Boyce Upholt is an award-winning freelance writer with a particular interest in the way we shape place and the way places shape us. Boyce was named a 2016 "Writer of the Year" by the International Regional Magazine Association for his work at Mississippi Magazine. His feature writing has been nominated for Best American Science & Nature Writing, and for James Beard Foundation awards in investigative journalism and travel & food writing.
Boyce grew up in suburban Connecticut, taught high school math on a South Dakota Indian reservation, spent years amid the cotton fields of the Mississippi Delta, and now (sometimes) wears cowboy boots in his home of New Orleans, Louisiana. While on assignment he has trawled the Gulf for wild shrimp, dodged (and eaten) airborne invasive carp, and stayed up all night at a juke joint. He has interviewed Morgan Freeman, champion birddog trainers, and the experts who make your political junk mail.

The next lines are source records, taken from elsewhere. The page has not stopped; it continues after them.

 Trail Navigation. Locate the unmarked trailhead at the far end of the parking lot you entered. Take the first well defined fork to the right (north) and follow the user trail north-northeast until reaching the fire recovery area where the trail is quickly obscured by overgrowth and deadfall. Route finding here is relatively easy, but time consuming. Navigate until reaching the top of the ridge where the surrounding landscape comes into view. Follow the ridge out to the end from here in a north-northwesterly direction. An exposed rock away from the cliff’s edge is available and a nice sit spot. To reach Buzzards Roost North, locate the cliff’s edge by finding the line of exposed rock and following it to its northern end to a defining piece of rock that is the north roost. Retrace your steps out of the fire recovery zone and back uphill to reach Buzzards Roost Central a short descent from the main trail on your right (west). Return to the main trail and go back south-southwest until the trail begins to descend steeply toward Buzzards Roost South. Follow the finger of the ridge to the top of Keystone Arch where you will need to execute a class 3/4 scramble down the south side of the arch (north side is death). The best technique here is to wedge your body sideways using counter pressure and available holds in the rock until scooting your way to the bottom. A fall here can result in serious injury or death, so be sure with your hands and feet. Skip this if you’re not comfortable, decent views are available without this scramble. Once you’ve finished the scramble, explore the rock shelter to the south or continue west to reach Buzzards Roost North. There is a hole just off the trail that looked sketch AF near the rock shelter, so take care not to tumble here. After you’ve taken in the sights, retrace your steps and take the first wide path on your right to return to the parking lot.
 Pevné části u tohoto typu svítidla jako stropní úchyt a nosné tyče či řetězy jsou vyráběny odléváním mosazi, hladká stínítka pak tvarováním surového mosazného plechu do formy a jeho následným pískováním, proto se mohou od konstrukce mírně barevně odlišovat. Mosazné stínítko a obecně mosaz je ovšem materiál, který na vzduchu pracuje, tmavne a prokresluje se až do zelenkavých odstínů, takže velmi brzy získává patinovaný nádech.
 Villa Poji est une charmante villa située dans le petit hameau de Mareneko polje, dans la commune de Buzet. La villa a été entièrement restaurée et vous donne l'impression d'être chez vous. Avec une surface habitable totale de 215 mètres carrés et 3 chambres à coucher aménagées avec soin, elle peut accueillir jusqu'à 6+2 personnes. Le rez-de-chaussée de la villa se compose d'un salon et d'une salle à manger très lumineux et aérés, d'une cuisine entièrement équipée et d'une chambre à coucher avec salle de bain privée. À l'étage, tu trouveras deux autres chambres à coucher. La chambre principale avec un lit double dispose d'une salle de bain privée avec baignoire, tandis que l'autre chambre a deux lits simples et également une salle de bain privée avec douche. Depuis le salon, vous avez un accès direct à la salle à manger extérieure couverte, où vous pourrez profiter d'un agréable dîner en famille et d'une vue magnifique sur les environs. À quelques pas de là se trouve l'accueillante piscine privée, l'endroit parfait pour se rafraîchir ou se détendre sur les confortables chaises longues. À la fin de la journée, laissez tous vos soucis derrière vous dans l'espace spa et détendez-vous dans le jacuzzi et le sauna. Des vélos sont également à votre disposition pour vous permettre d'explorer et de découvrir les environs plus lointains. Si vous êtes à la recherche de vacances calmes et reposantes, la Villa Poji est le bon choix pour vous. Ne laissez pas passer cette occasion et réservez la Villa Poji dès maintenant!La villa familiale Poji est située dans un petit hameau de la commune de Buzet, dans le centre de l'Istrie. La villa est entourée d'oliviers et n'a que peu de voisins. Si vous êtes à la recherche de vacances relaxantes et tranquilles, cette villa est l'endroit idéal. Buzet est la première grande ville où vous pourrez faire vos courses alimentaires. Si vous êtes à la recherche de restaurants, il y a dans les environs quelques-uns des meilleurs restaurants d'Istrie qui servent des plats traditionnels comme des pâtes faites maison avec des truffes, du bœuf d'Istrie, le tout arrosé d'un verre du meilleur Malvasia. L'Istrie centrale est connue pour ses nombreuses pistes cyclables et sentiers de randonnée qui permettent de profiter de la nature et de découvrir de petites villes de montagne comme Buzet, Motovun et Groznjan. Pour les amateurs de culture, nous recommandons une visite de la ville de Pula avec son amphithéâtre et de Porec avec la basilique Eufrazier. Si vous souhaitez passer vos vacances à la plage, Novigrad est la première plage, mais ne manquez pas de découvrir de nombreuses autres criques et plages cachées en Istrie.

Boyce received his MFA from Warren Wilson College and was a 2017 fellow with the 11th Hour Food & Farming Journalism program at U.C.-Berkeley. His writing has appeared in, among other publications, The New Republic, The Atlantic, Sierra Magazine, and the Bitter Southerner. He is currently working on a book about the Mississippi River—a history of what we’ve done to it, and a travelogue showing the consequences of those acts.